D&D General LotR and Forgotten Realms mashup - your thoughts?

Eyes of Nine

Everything's Fine
There have been a couple of Forgotten Realms Magic the Gathering sets. And at least one LotR sets. That's what made me think of this idea...

For an RPG, what sort of compelling storyline would you create that mixes Forgotten Realms and LotR?

Things I'd consider:
  • A LotR PC party in the Forgotten Realms? Or an FR party in Middle Earth? Or something else?
  • Assuming some cross-setting shenanigans - how would the PCs get from one place to another?
  • How does this mesh with the current D&D cosmology? Is Middle Earth just another continent on Toril? Or is it a different plane?
  • Do we need a different set of monsters in Middle Earth, even if they have the same name? (Orcs and Dragons for example) And are Middle Earth-unique monsters just versions of FR monsters? Like Nazgul, are they just types of... what? Liches? Vampires? Other? May not matter if very little of the adventure takes place in Middle Earth
  • Who's the big bad? What's up with them - what do they want? tbh, Sauron's motivations were pretty opaque to me as a reader of the Lord of the Rings series.

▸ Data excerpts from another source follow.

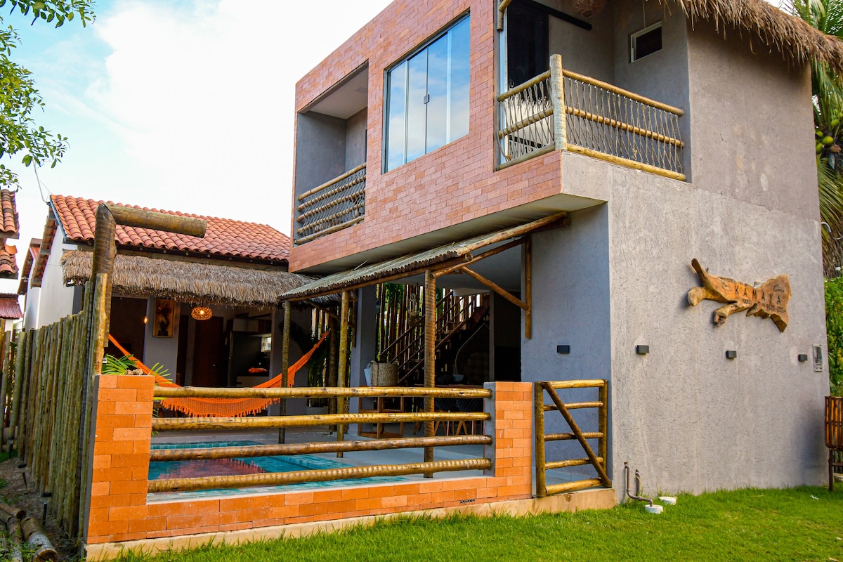 Plassert i en lukket selveierleilighet - MIRAKLER som står I AREIA - SJARMEHUS . Total sikkerhet og ro . Luksusbungalow med privat basseng. Ideell for bryllupsreise eller for deg som ønsker god smak og privatliv . Ligger ved havet i Praia do Toque, som er den beste stranden i São Miguel dos Milagres. Nabo til fantastiske restauranter. Jangadeiro fanger dem foran huset for å ta deg med på fantastiske spaserturer til de naturlige bassengene i regionen . Vi tilbyr frokost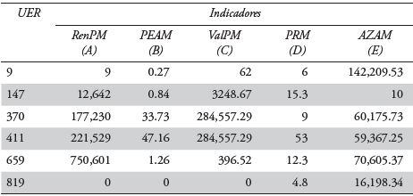 El valor que adquiere cada indicador debe multiplicarse por la jerarquía que le fue asignada en cada UER.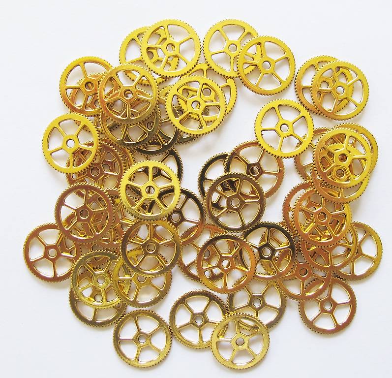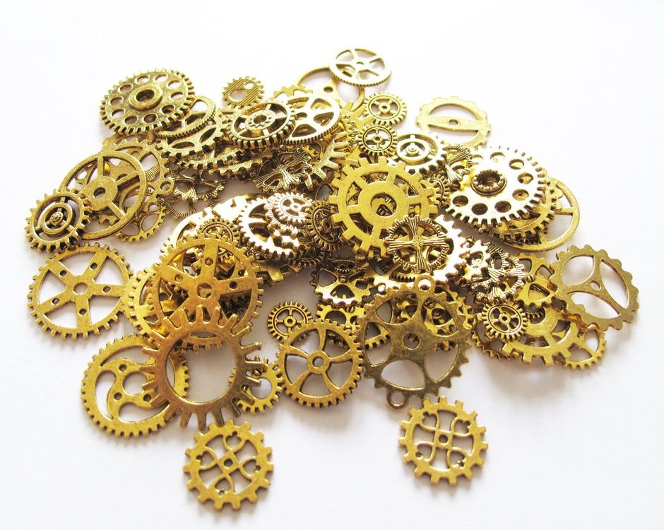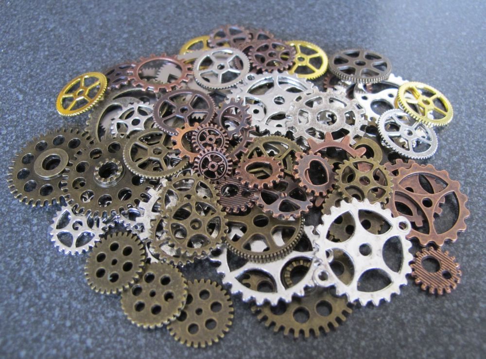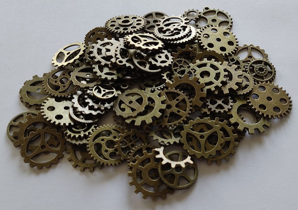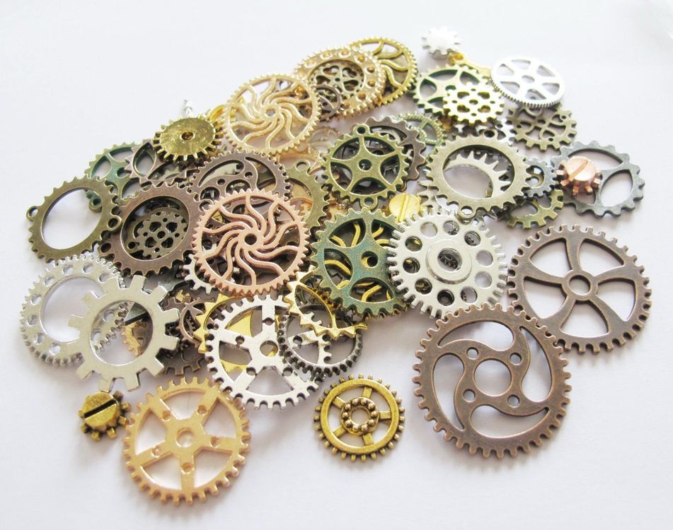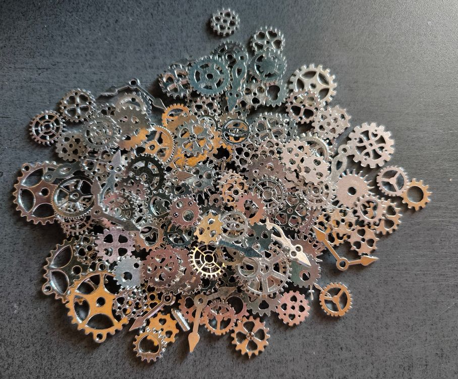 Für alle Steampunk-Fans und Kreativen! Dieses mega Set mit etwa 70 Zahnrädern aus Zinklegierung ist genau das Richtige für deine Bastelprojekte. Die Zahnräder gibt's in verschiedenen Größen von 1,3-3cm und in unterschiedlichen Farben und Designs - nicht nur klassische Zahnräder, sondern auch mit Totenköpfen, Uhren, Schlüsseln und anderen coolen Motiven. Perfekt um damit Schmuck wie Halsketten, Armbänder oder Ohrringe zu gestalten, oder um damit Deko für Zuhause zu basteln. Die kleinen Teile haften super auf Stoff, Holz, Leder, Glas - eigentlich auf fast allem! Ob für Halloween-Deko, Hochzeiten im Vintage-Stil oder einfach nur so - mit diesem Set kannst du deiner Kreativität freien Lauf lassen. Das 100g-Paket ist randvoll mit den kleinen Schätzen. Einfach auspacken und losbasteln - deine einzigartigen Kreationen warten schon darauf, gemacht zu werden!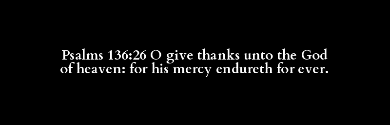 Psalms 136:26 O give thanks unto the God of heaven: for his mercy endureth for ever.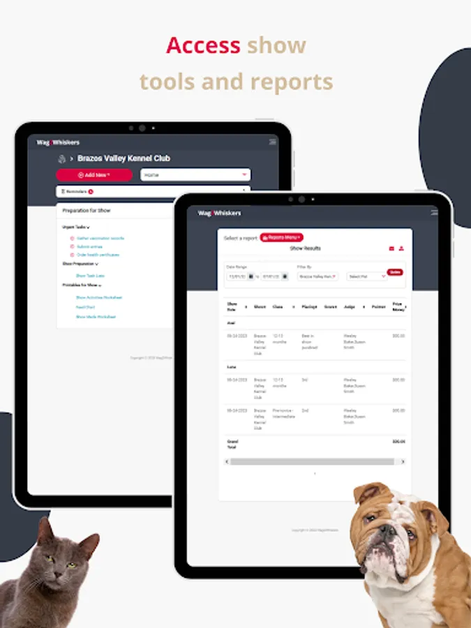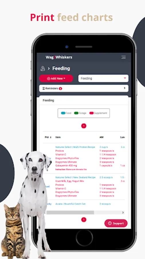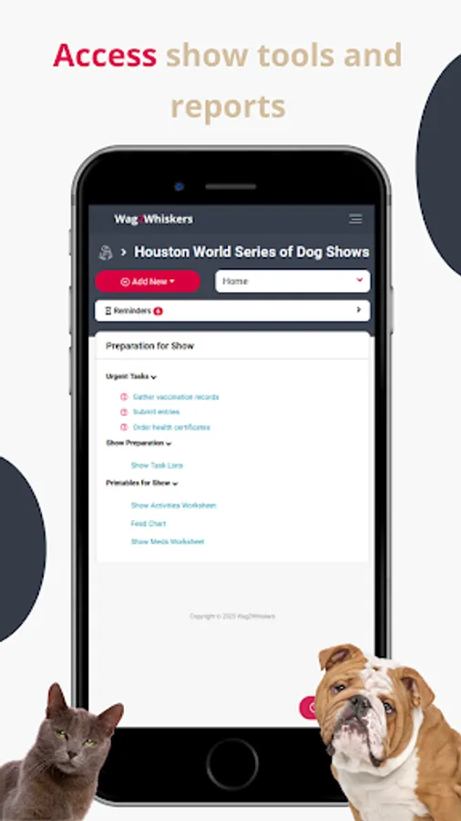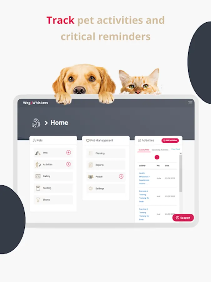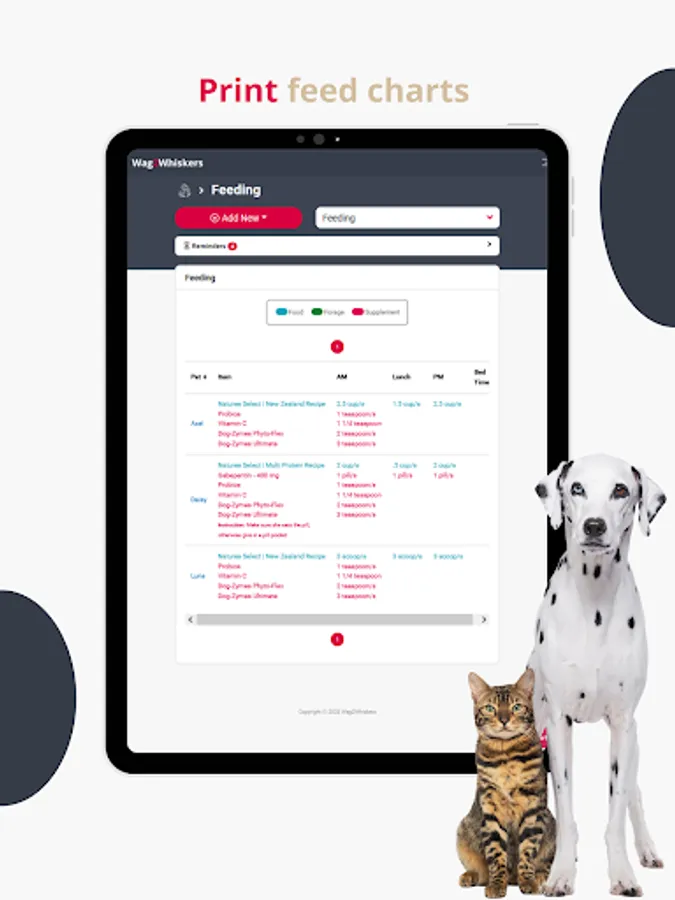 Wag2Whiskers has everything you need to stay organized and get the most joy out of your wagging tails and ticklish whiskers. From dogs to cats and alpacas to zebras…and every pet in between… keep health records, activities, training and exercise, photos and videos, reminders, show prep and results, feed charts and planning all in one place.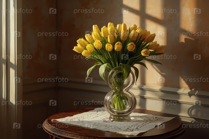 Концепция празднования Международного женского дня 8 марта. букет желтых тюльпанов в стеклянной вазе на столе у окна

Vecna and many of the other BBEGs from FR their motivations are more transparent
  • Magic in Middle Earth seems to work a lot different from in Forgotten Realms - how to reconcile?
  • Rule sets - how easy would it be to use LotR 5e with standard 5e? (disclaimer - never read LotR 5e)
    • Speaking of which, standard 5e assumes a lot about the setting, which may not map across to LotR in terms of feel nor detail. I mean - is Legloas an Elf Ranger - or just a DEX Fighter? But wait, I thought Aragorn was a Ranger, with the Noble background... And is Frodo a rogue? Really? And what the heck would Samwise be? There's not a Factotum class...

You may have further considerations, or discard some of mine - please share your thoughts!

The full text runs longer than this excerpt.